• SOURCE MATERIAL
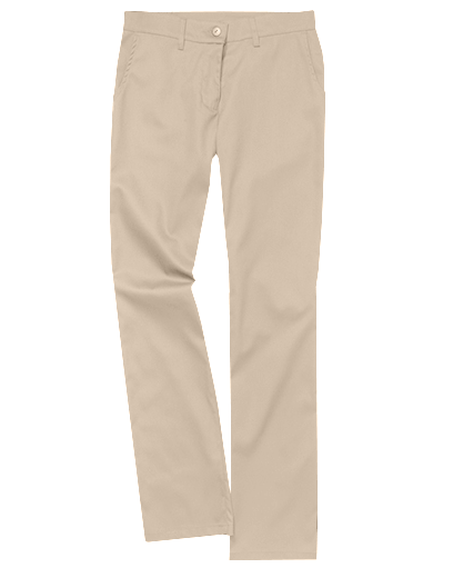 Spodnie damskie o prostym kroju, zapinane na suwak i oferujące możliwość dołączenia ulubionego paska dzięki szlufkom. Dwie kieszenie skośne z przodu oraz dwie kieszenie z tyłu umożliwiają przechowywanie akcesoriów. Tkanina mieszana jest wygodna w noszeniu i łatwa w pielęgnacji. Wyróżnia się także trwałym kolorem i wytrzymałością. Spodnie posiadają również wstawki w pasie dla maksymalnego komfortu noszenia i optymalnego dopasowania.
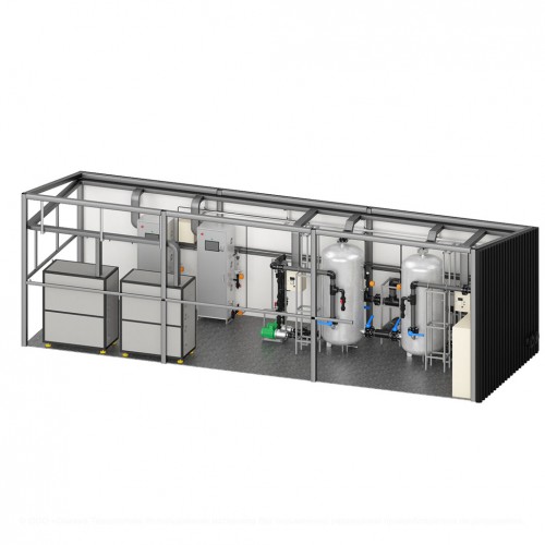 Станция озоновой водоподготовки в морском контейнера (20/40 футов). Прочная стальная конструкция стандартных размеров. Может перевозится автомобильным, железнодорожным, речным и морским транспортом. Устанавливается на фундамент из железобетонных плит.
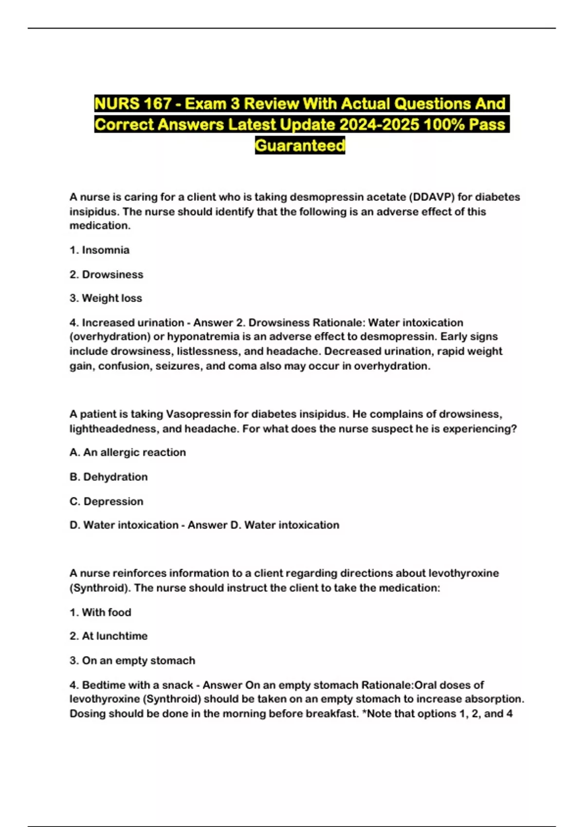 NURS 167 - Exam 3 Review With Actual Questions And Correct Answers Latest Update % Pass Guaranteed...
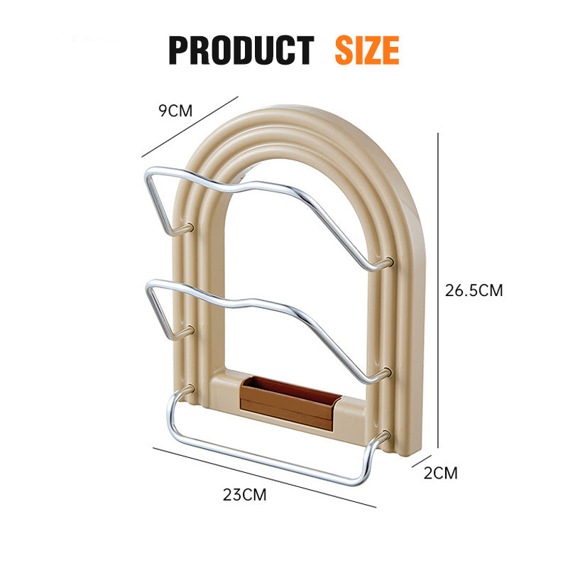 MULTIFUNCTIONAL STORAGE - Available in two styles, including one with an integrated towel rack. This holder conveniently stores pot lids, cutting boards, and kitchen towels, making it a versatile solution for organization.
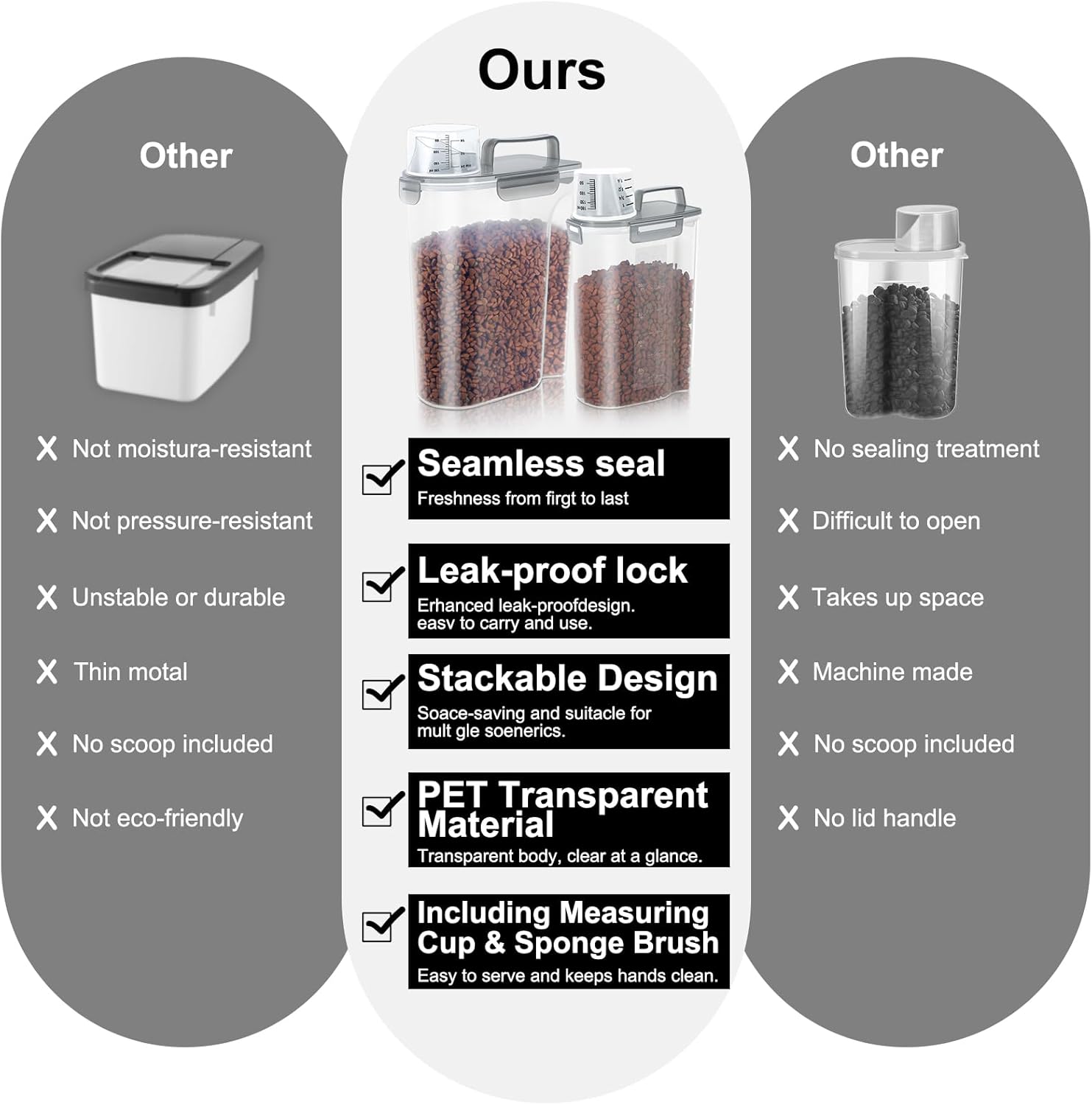 (3+5LBS 2Pack Cat Dog Food Storage Container Upgraded Large Nozzle BPA-free, Plastic Pet Food Containers, With 4 Sealed Clasps/1 Measuring Cup/Handle Easy Clean and Carry (Clear Grey)

• GOAL OF THE EXERCISE
Reproduce every record above word for word. Leave the pictures out.

• TASK RESULT
 Spodnie damskie o prostym kroju, zapinane na suwak i oferujące możliwość dołączenia ulubionego paska dzięki szlufkom. Dwie kieszenie skośne z przodu oraz dwie kieszenie z tyłu umożliwiają przechowywanie akcesoriów. Tkanina mieszana jest wygodna w noszeniu i łatwa w pielęgnacji. Wyróżnia się także trwałym kolorem i wytrzymałością. Spodnie posiadają również wstawki w pasie dla maksymalnego komfortu noszenia i optymalnego dopasowania.
 Станция озоновой водоподготовки в морском контейнера (20/40 футов). Прочная стальная конструкция стандартных размеров. Может перевозится автомобильным, железнодорожным, речным и морским транспортом. Устанавливается на фундамент из железобетонных плит.
 NURS 167 - Exam 3 Review With Actual Questions And Correct Answers Latest Update % Pass Guaranteed...
 MULTIFUNCTIONAL STORAGE - Available in two styles, including one with an integrated towel rack. This holder conveniently stores pot lids, cutting boards, and kitchen towels, making it a versatile solution for organization.
 (3+5LBS 2Pack Cat Dog Food Storage Container Upgraded Large Nozzle BPA-free, Plastic Pet Food Containers, With 4 Sealed Clasps/1 Measuring Cup/Handle Easy Clean and Carry (Clear Grey)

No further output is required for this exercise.